• EXERCISE: Check each line of the data below for the string "ACCOUNT", then state how many have it and nothing else.

(Data extracted from a collection)

----------------------------------------

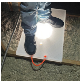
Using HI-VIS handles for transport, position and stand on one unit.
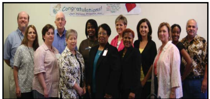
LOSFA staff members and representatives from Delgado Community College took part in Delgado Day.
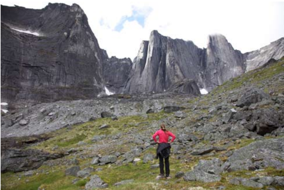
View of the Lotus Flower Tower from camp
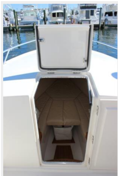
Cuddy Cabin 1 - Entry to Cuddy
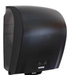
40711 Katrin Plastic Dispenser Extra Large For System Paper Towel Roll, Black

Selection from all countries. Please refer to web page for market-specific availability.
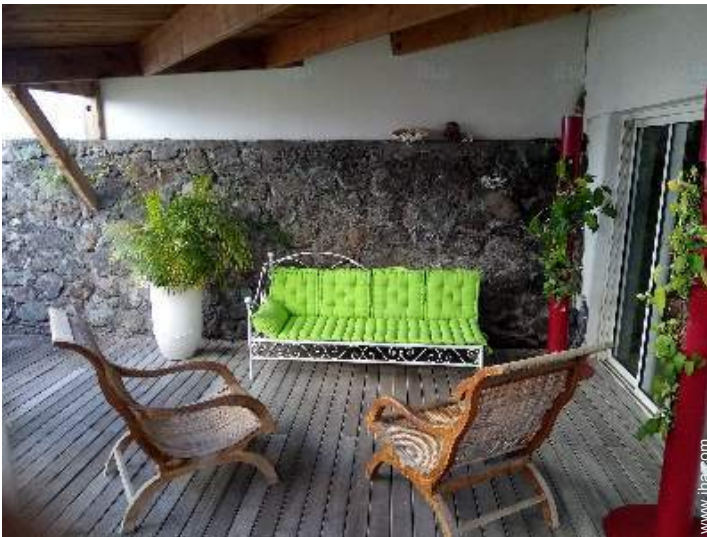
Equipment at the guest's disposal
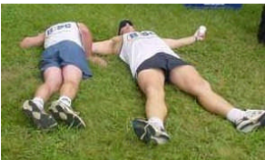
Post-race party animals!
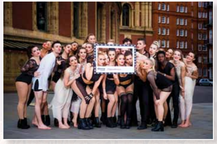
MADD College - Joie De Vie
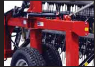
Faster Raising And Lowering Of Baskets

----------------------------------------

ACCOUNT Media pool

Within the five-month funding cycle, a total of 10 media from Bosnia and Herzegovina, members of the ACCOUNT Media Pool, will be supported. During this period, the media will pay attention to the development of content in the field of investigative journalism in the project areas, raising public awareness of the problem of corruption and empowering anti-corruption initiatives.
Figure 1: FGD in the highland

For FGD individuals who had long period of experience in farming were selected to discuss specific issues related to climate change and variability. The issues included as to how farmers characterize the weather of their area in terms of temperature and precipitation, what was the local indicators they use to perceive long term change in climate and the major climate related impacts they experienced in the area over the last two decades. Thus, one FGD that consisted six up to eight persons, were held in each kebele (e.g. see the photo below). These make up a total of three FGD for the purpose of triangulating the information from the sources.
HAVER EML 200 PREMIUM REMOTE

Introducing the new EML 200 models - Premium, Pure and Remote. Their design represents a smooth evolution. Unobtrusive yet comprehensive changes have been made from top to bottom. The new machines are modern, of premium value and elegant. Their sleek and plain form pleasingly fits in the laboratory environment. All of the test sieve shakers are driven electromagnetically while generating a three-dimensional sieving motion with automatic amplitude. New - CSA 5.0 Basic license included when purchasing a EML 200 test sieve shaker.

----------------------------------------

• RESULT OF THE EXERCISE: 2